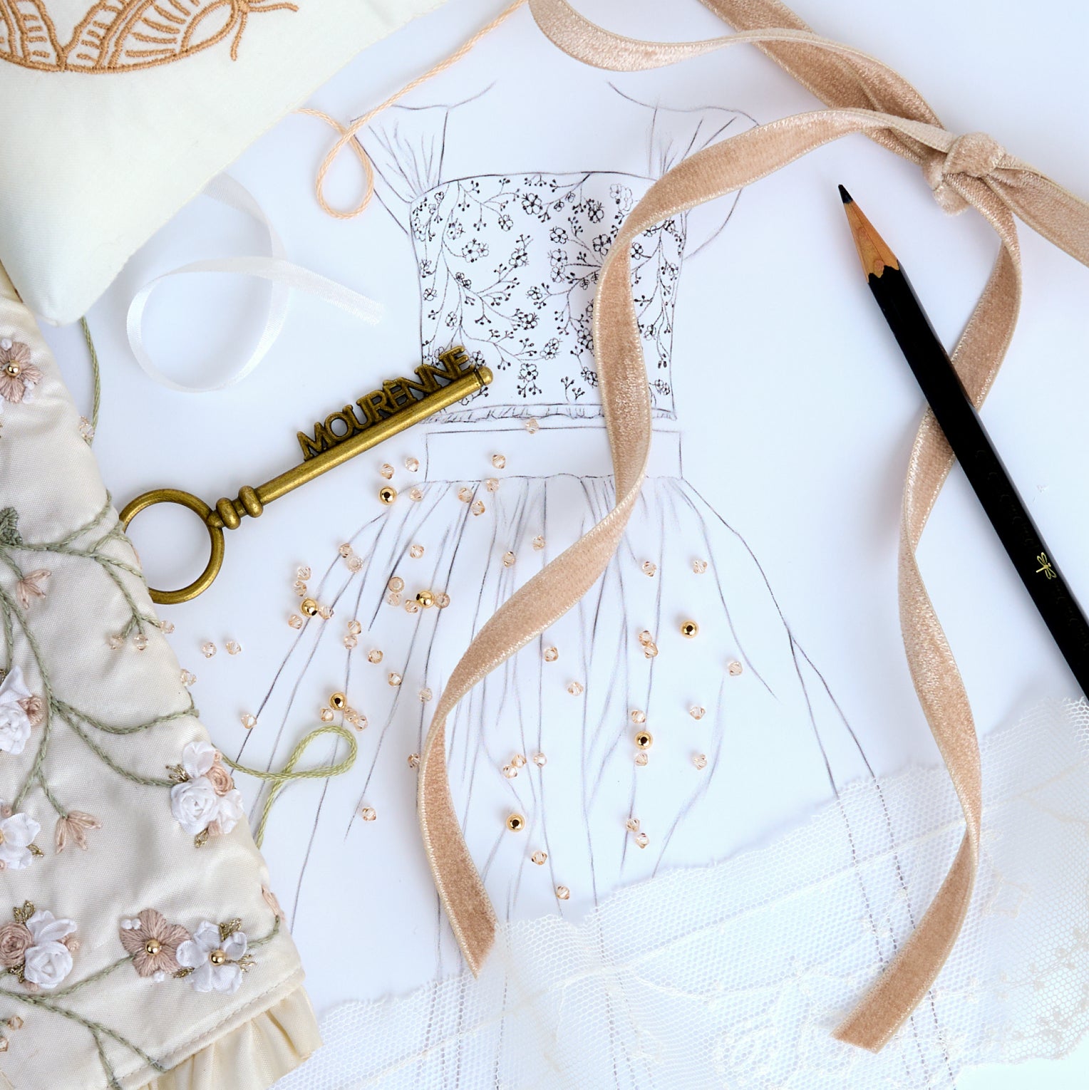 You will have the opportunity to choose from our exclusively made silk patterns and colors, as well as our collection of heirloom French and English lace, exquisite French tulles, and high-end Japanese trims.
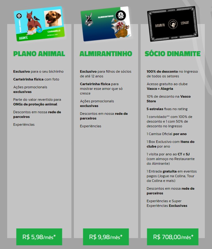 Vasco anuncia novos planos de sócios: Almirantinho, Animal e Dinamite; confira
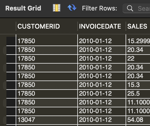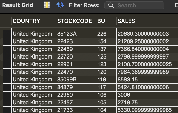 먼저 COUNTRY, STOCKCODE로 데이터를 그룹핑하고, 고객 번호(CUSTOMERID)를 카운트, 구매 상품 수(QUANTITY) * 개당 가격(UNITPRICE)의 곱을 합하면 된다.
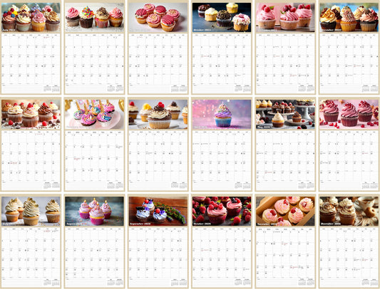 2025 - 2026 Wall Calendar Spiral-bound Twin-Wire Binding - 18 Months Planner - Large Ruled Blocks with Julian Dates - (Cupcakes)
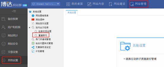 —选择网站管理—其他设置—重建索引即可:如图所示:
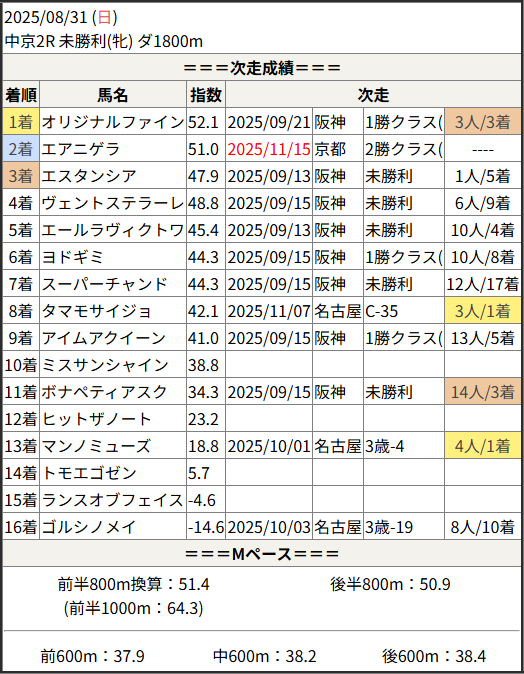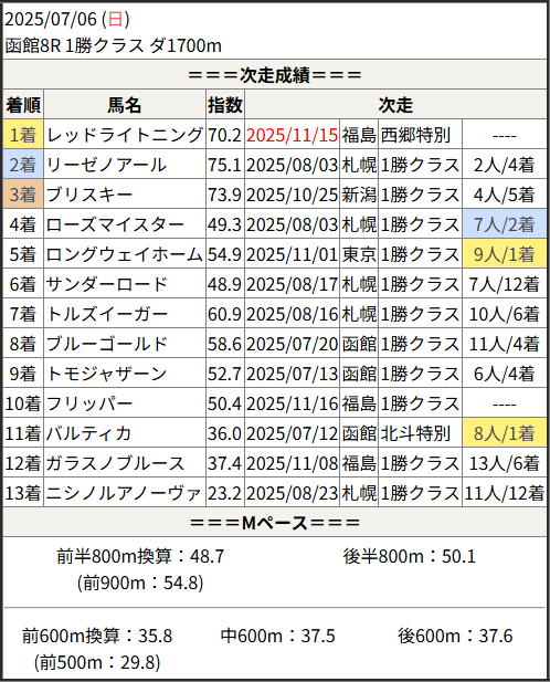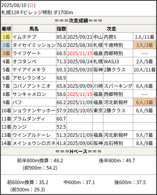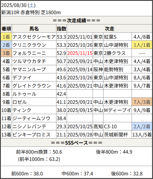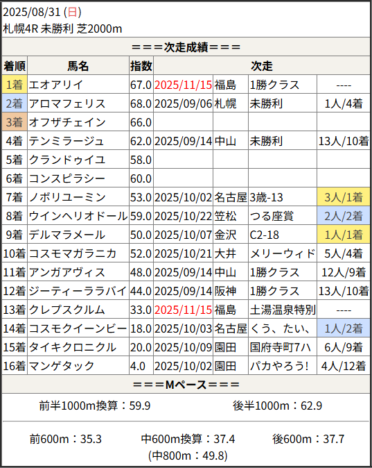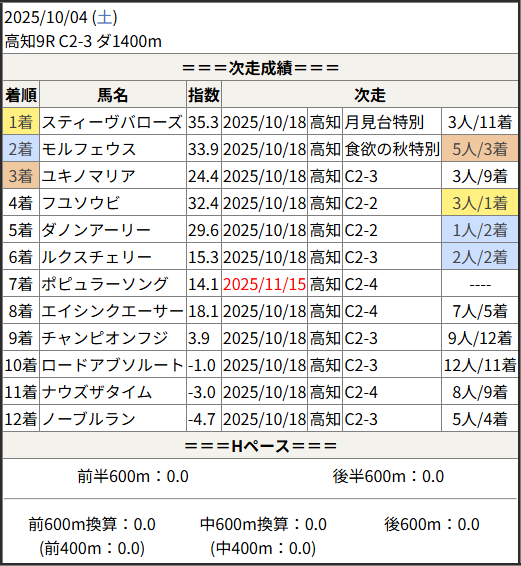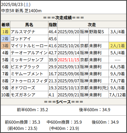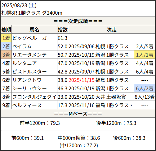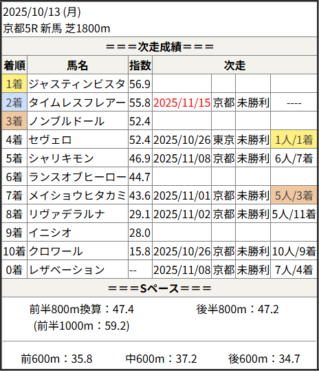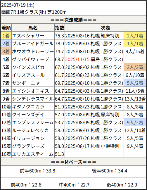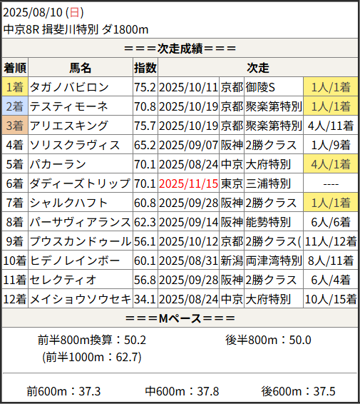 今回のメンバー相手に通用するかは、スピード指数表と合わせてご覧下さい。

━━━━━━━━━━━━━━━━━━━━

* **Your assignment**:
Reproduce the listing in full and exactly, excluding any pictures it holds.

* **Answer space**:
 You will have the opportunity to choose from our exclusively made silk patterns and colors, as well as our collection of heirloom French and English lace, exquisite French tulles, and high-end Japanese trims.
 Vasco anuncia novos planos de sócios: Almirantinho, Animal e Dinamite; confira
 먼저 COUNTRY, STOCKCODE로 데이터를 그룹핑하고, 고객 번호(CUSTOMERID)를 카운트, 구매 상품 수(QUANTITY) * 개당 가격(UNITPRICE)의 곱을 합하면 된다.
 2025 - 2026 Wall Calendar Spiral-bound Twin-Wire Binding - 18 Months Planner - Large Ruled Blocks with Julian Dates - (Cupcakes)
 —选择网站管理—其他设置—重建索引即可:如图所示:
 今回のメンバー相手に通用するかは、スピード指数表と合わせてご覧下さい。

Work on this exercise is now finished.